++++ Extracted entries

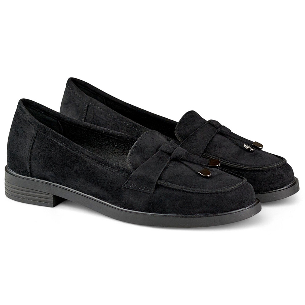La tomaia in pelle scamosciata ecologica in nero dà loro stile e il naso rotondo li rende estremamente comodi anche durante una lunga usura. Una suola piatta con un'altezza di 2,5 cm garantisce stabilità e libertà di movimento, che rende queste scarpe una scelta ideale sia su base giornaliera che per occasioni speciali.
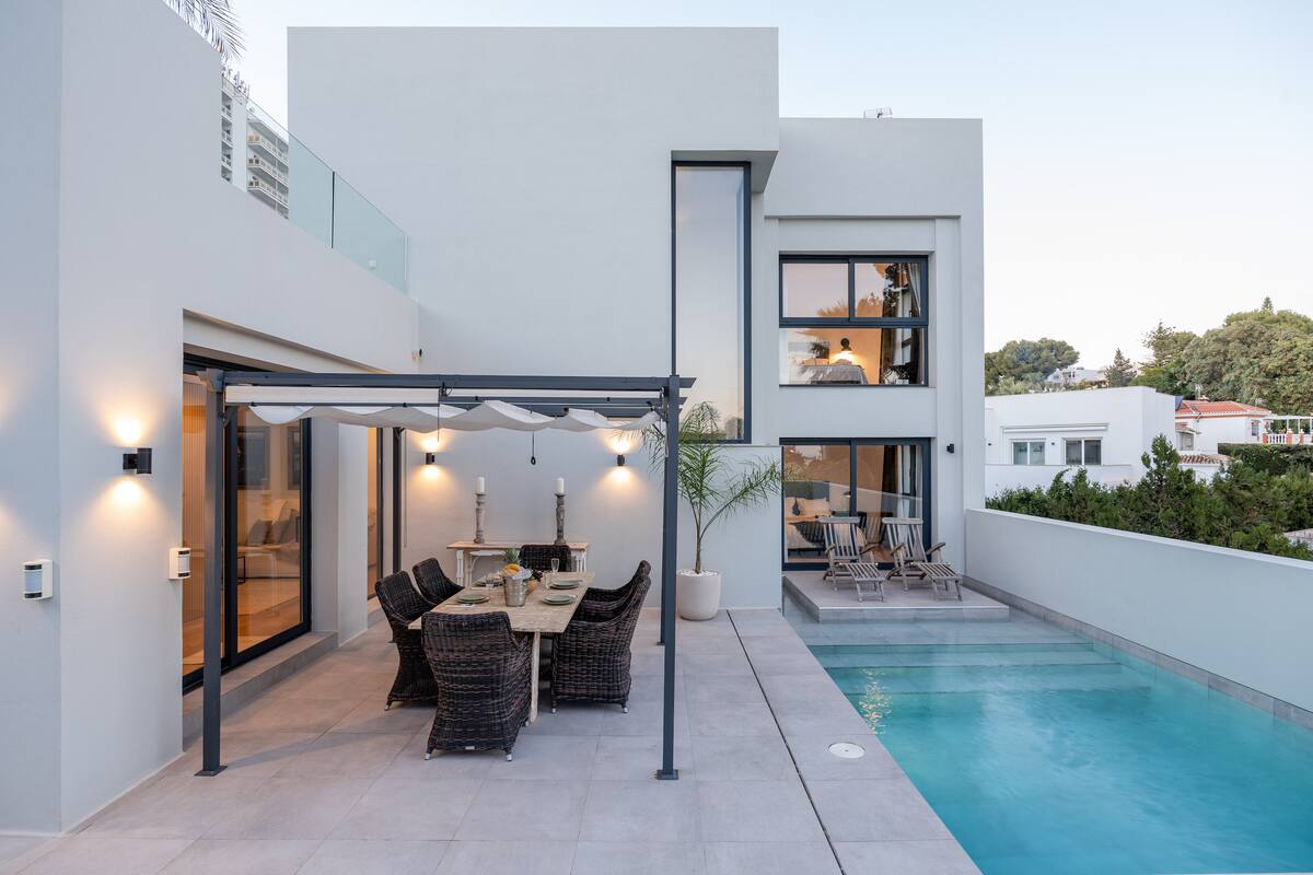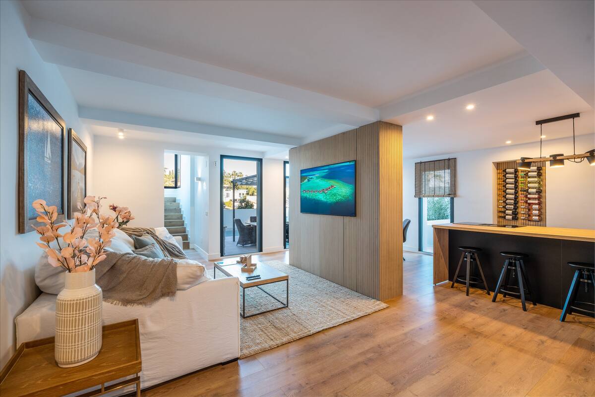 3 bed 4 bath modern villa in the heart of Nueva Andalucia with brand new furnishings. The villa has a big open space living and
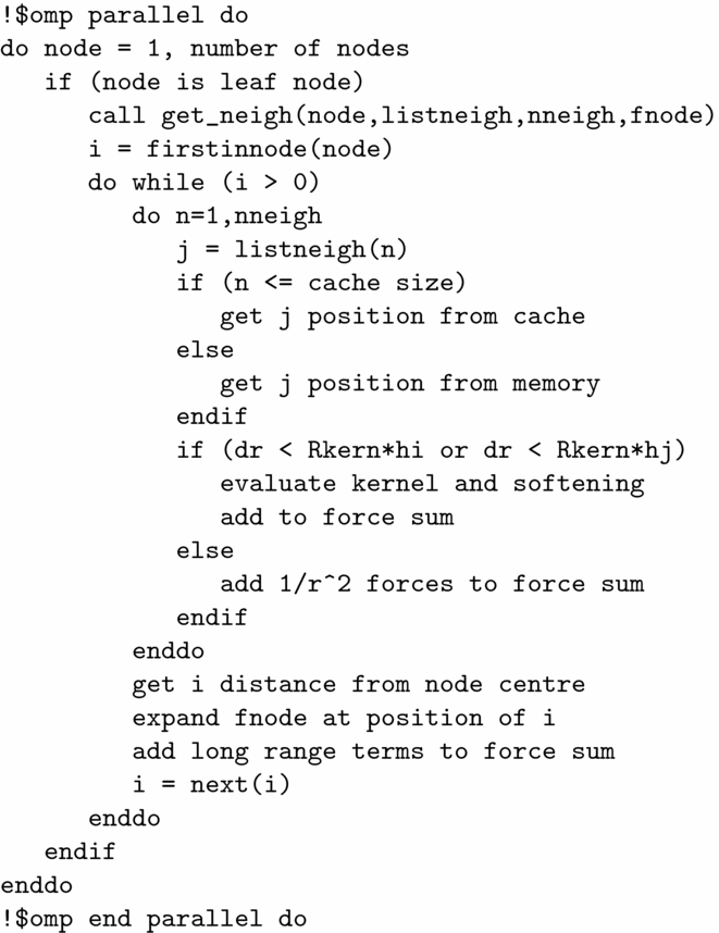 Shared memory parallelisation of the density and force calculation is described in pseudo-code in Figure A4. The parallelisation is done over the ‘leaf nodes’, each containing around 10 particles. Since the leaf nodes can be done in any order, this can be parallelised with a simple $omp parallel do statement. The neighbour search is performed once for each leaf node, so each thread must store a private cache of the neighbour list. This is not an onerous requirement, but care is required to ensure that sufficient per-thread memory is available. This usually requires setting the OMP_STACKSIZE environment variable at runtime. No thread locking is required during the density or force evaluations (unless the single loop algorithm is employed; see Section A.3.4) and the threads can be scheduled at runtime to give the best performance using either dynamic, guided or static scheduling (the default is dynamic). Static scheduling is faster when there are few density contrasts and the work per node is similar, e.g. for subsonic turbulence in a periodic box (c.f. Price Reference Price2012b).
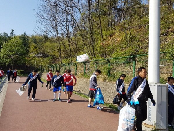 경기 안산시 선부2동 체육회가 최근 체육회·조기축구회원 30여명과 함께 국토대청결운동 및 환경 캠페인을 실시했다. 사진은 석수골운동장에서 운동을 마친 후 집으로 돌아가며 버려진 쓰레기를 수거하고 있는 회원들의 모습.(사진제공=안산시청)
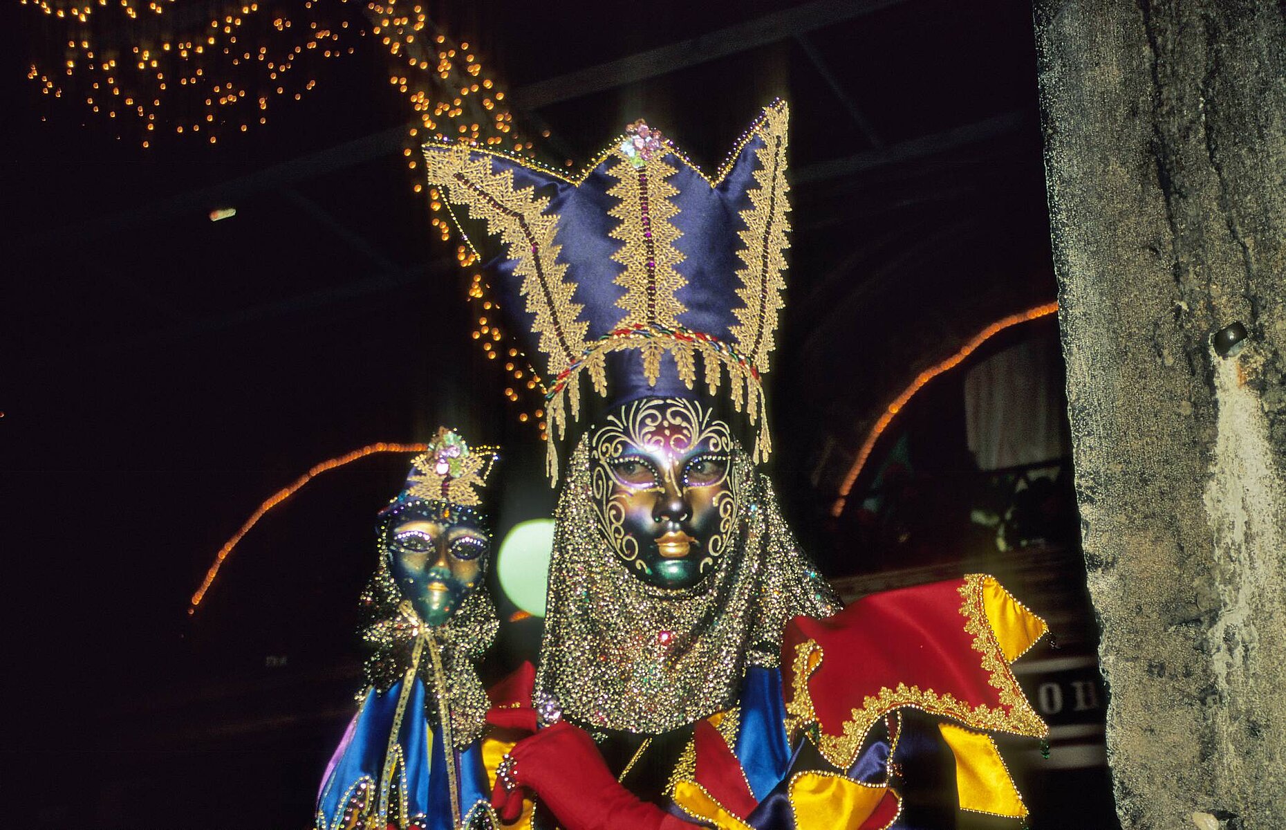 zwei Masken vor dem Campanile

++++++++

Task prompt:
Your answer must be an exact copy of the lines from the line with "경기 안산시 선부2동" to the final line of the data, both ends included, and no pictures.

Result:
 경기 안산시 선부2동 체육회가 최근 체육회·조기축구회원 30여명과 함께 국토대청결운동 및 환경 캠페인을 실시했다. 사진은 석수골운동장에서 운동을 마친 후 집으로 돌아가며 버려진 쓰레기를 수거하고 있는 회원들의 모습.(사진제공=안산시청)
 zwei Masken vor dem Campanile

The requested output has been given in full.